Provided records:
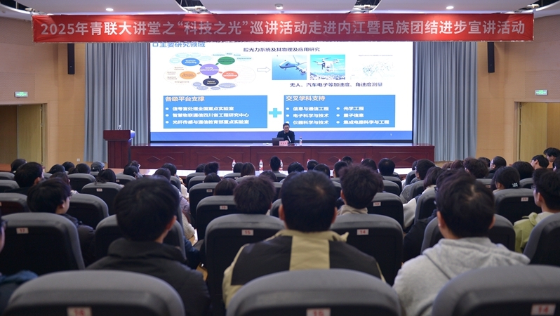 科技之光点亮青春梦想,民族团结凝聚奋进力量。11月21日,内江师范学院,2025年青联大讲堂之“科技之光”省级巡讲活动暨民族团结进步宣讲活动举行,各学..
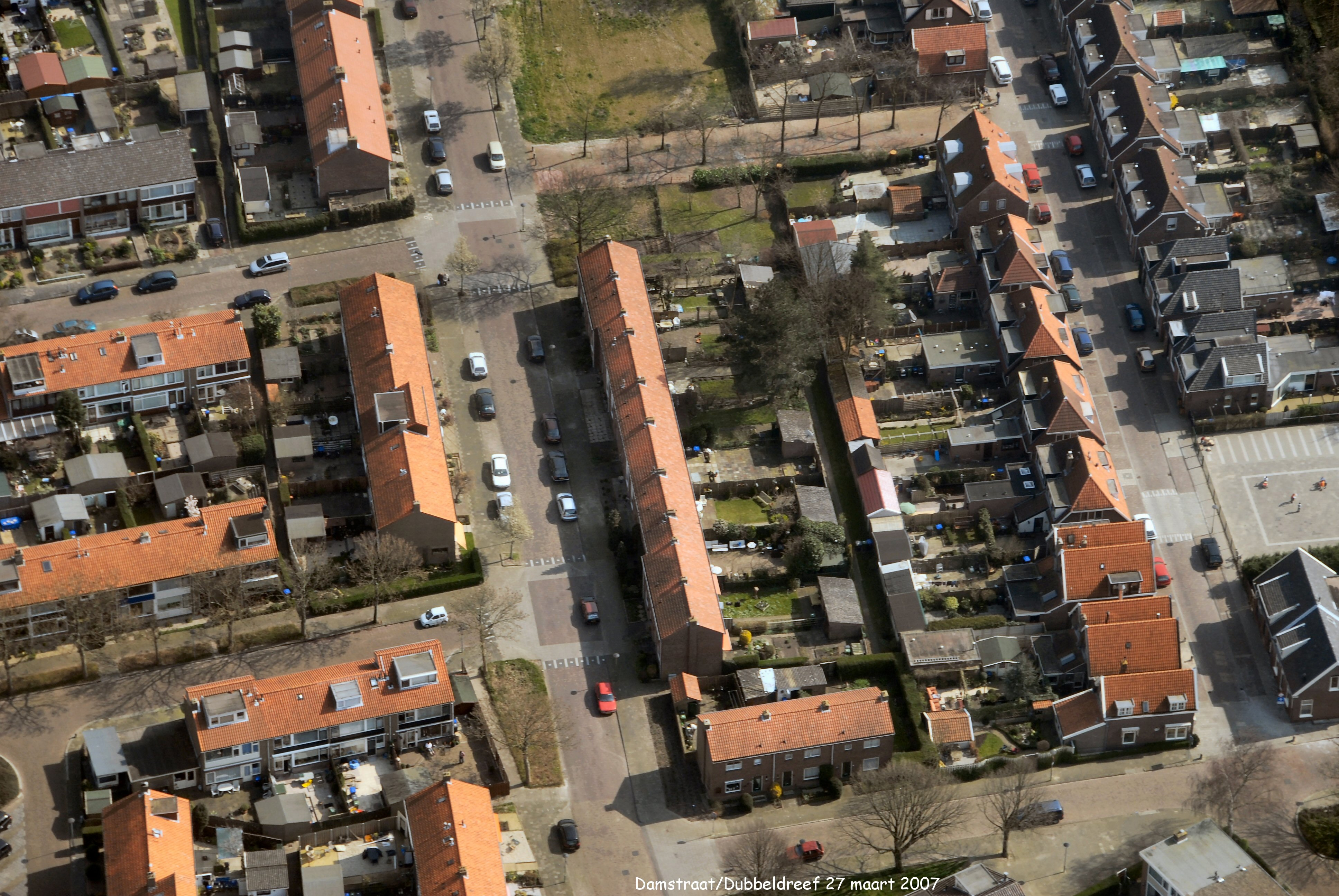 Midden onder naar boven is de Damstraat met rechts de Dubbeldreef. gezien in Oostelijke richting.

* * *

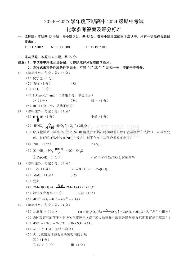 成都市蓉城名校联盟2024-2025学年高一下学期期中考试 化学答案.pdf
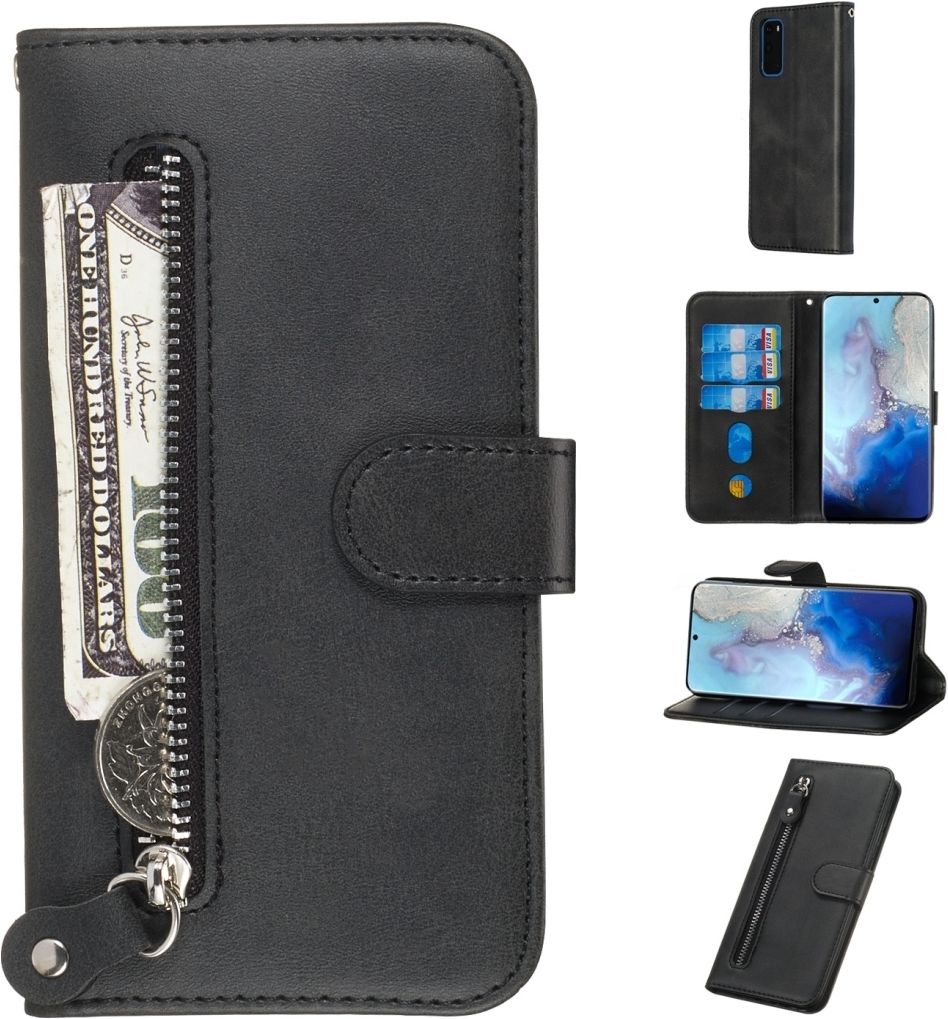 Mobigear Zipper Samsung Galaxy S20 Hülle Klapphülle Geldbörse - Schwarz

...

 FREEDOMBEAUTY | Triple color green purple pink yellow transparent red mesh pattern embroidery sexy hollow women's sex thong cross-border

Instructions to follow: Find the line with "成都市蓉城名校联盟2024-2025学年高一下学期期中考试 化学答案.pdf" in the data above, and from there retype each line exactly through the line with "Mobigear Zipper Samsung", skipping the pictures along the way.

Exercise answer:
 成都市蓉城名校联盟2024-2025学年高一下学期期中考试 化学答案.pdf
 Mobigear Zipper Samsung Galaxy S20 Hülle Klapphülle Geldbörse - Schwarz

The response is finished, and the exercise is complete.